К вечеру, когда наша компания доехала на попутке до какого-то пересечения дорог и расположилась на ночлег, мы спросили его наконец. Мы спросили его, потому что весь день не могли опомниться от изумления, так не вязался этот поступок с характером нашего друга.
С детства он говорил “извините”, когда ему самому наступали на ногу. Его не осмеливались трогать даже самые отъявленные хулиганы – так он был добродушен.
Мы спросили, и наш праведник рассказал следующее.
Он служил в дальнем гарнизоне, где офицерам, при том еще изобилии продуктов, выдавали сыр два раза в год – на 7 ноября и
День Советской Армии. Сыр выдавали по триста грамм – на семью.
Оттого офицеры пили постоянно, а полком заправляли прапорщики.

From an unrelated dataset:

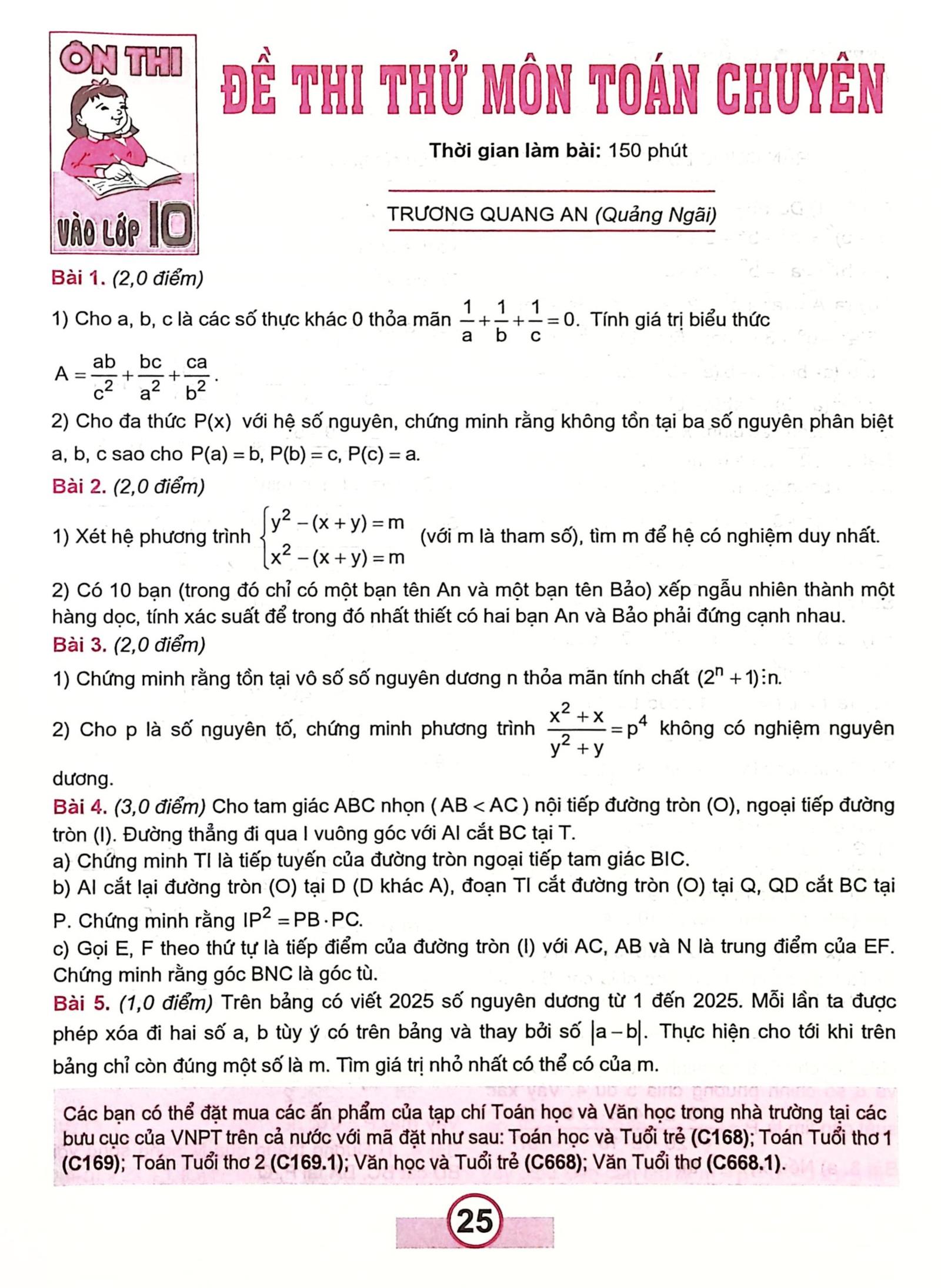 Bài trích tạp chí "Đề thi thử môn Toán chuyên, năm học 2025 - 2026", Số tháng 9 - 2025

Один из них, хозяин ремонтной роты, ненавидел нашего друга за очки, косолапые движения в строю и полное неумение надеть противогаз.
Били близорукого праведника, как и всех, может, даже и меньше других – в силу его покладистого характера, успев, правда, добавить отбитые почки к уже в армии пережитой желтухе.

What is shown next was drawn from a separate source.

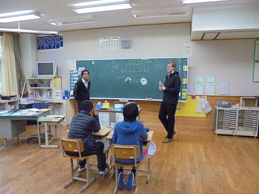 3時間目に3,4年生、4時間目に5,6年生の外国語活動の授業に入っていただきました。

Но вот однажды он, неловко вылезая из трактора, опрокинул на своего хозяина банку с маслом.
Банка перевернулась в воздухе и плеснула на роскошную фуражку прапорщика.

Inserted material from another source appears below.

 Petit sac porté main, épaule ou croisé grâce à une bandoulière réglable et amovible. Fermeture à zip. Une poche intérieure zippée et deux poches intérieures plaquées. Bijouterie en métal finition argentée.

Той же ночью прапорщик пришел к ним в казарму.
Первогодков подняли с постелей, и они, испуганные, смотрели, как двое азербайджанцев и краснодарский блатарь “опускали” нашего друга.
После того как они кончили свое дело и застегнули штаны, прапорщик удовлетворенно крякнул и полил свою жертву машинным маслом из той же самой жестянки.
Вот этого-то прапорщика на отдыхе и встретили мы в очереди за билетами.
– Что ж ты нам этого не сказал! – закричали мы, готовые бежать по этой мусульманской дороге обратно, чтобы найти толстяка и бить его, бить, бить по его голове в панаме, пока это слепое бешенство не оставит нас.
Мы чувствовали, будто “опустили” нас самих, будто надругались над самым сокровенным, дорогим, что мы носили внутри себя.
– Убить его мало! Зачем ты ему на ногу наступил-то?!!
– Должен же я был что-то сделать, – ответил наш друг, все так же близоруко щурясь на солнце.
БАННЫЙ ДЕНЬ
У высокого крыльца бани народ собирался уже к шести часам.
Продажа билетов начиналась в восемь, но солидные люди, любители первого пара и знатоки веников, приходили, естественно, раньше остальных.
Первым в очереди всегда стоял загадочный лысый гражданин. В бане он был неразговорчив и сидел отдельно.
Бывший прапорщик Евсюков в широченных галифе с тонкими красными лампасами держал душистый веник и застиранный вещмешок.
Был и маленький воздушный старичок, божий одуванчик, которому кто-нибудь всегда покупал билет, и он, благостно улыбаясь, сидел в раздевалке, наблюдая за посетителями. Эта утренняя очередь была единственной ниточкой, связывавшей старичка с миром, и все понимали, что будет означать его отсутствие.
Я сам знавал такого старичка. Он был прикреплен куда-то на партийный учет и звонил своему секретарю, переспрашивая и повторяясь, тут же забывая, о чем он говорил. Секретарем, по счастью, оказалась доброй души старушка, помнившая многие партийные чистки и так натерпевшаяся тогда, что считала своим долгом терпеливо выслушивать всех своих пенсионеров. Готовя нехитрую одинокую еду, она, прижав телефонную трубку плечом, склонив голову набок, как странная птица, внимала бессвязному блеянию.
Но, вернувшись к нашей бане, надо сказать, что множество разного народа стояло в очереди вдоль Третьего Иорданского переулка.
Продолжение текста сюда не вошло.